**Your objective:** Locate "Протокол матча Спортист" in the records below, then copy its line and every following line exactly, without the pictures.

**Listed records:**
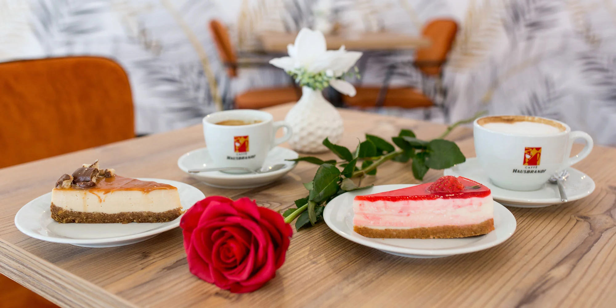 Potešte niekoho, na kom vám záleží a spríjemnite mu deň lahodnou kávou, cheesecakom či veterníkom a nádhernou červenou ružou. Ak však neholduje práve týmto dvom zákuskom, tak si určite pochutnáte na nadýchanom krémeši či bezlepkovom koláči, ku ktorým neodmysliteľne patrí voňavá káva podľa vášho výberu (espresso, ristretto alebo cappuccino). V letných mesiacoch vás príjemne schladí pohár s točenou zmrzlinou a šľahačkou alebo osviežujúca ľadová káva.
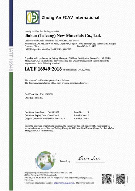Tiêu chuẩn:IATF 16949:2016 Con số:0585059 Ngày phát hành:2025-10-08 Ngày hết hạn:2028-10-07
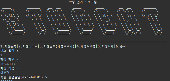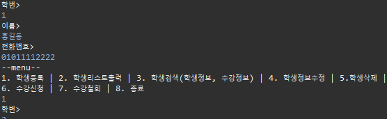 목차1.실습 1. 실습▣ StudentMainpackage jdbcStudent;public class StudentMain { public static void main(String[] args) { new StudentController(); }} ▣ Studentpackage jdbcStudent;public class Student {// sno int auto_increment,// sid int not null,// sname varchar(50) not null,// birth varchar(20),// phone varchar(20),// address text,// regdate datetime default now() private int sno; private int sid; pr..
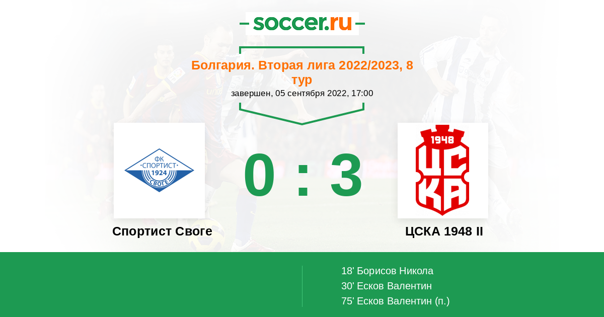 Протокол матча Спортист Своге против ЦСКА 1948 II
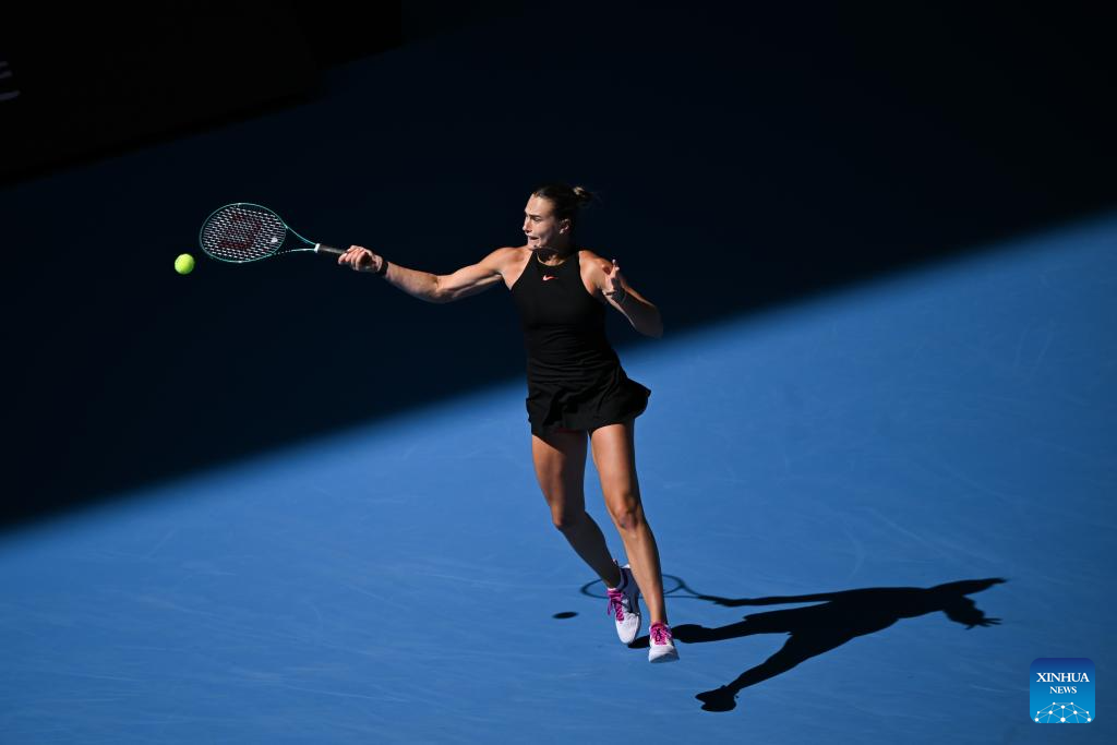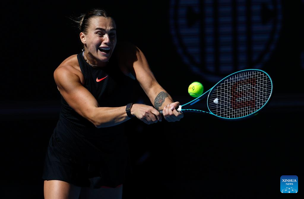 BEIJING, 30 septiembre, 2024 (Xinhua) -- Aryna Sabalenka, de Bielorrusia, devuelve la pelota durante el partido de la tercera ronda de individuales femeninos ante Ashlyn Krueger, de Estados Unidos, en el torneo de tenis Abierto de China 2024, en Beijing, capital de China, el 30 de septiembre de 2024. (Xinhua/Zhang Chenlin)

**Response to this exercise:**
 Протокол матча Спортист Своге против ЦСКА 1948 II
 BEIJING, 30 septiembre, 2024 (Xinhua) -- Aryna Sabalenka, de Bielorrusia, devuelve la pelota durante el partido de la tercera ronda de individuales femeninos ante Ashlyn Krueger, de Estados Unidos, en el torneo de tenis Abierto de China 2024, en Beijing, capital de China, el 30 de septiembre de 2024. (Xinhua/Zhang Chenlin)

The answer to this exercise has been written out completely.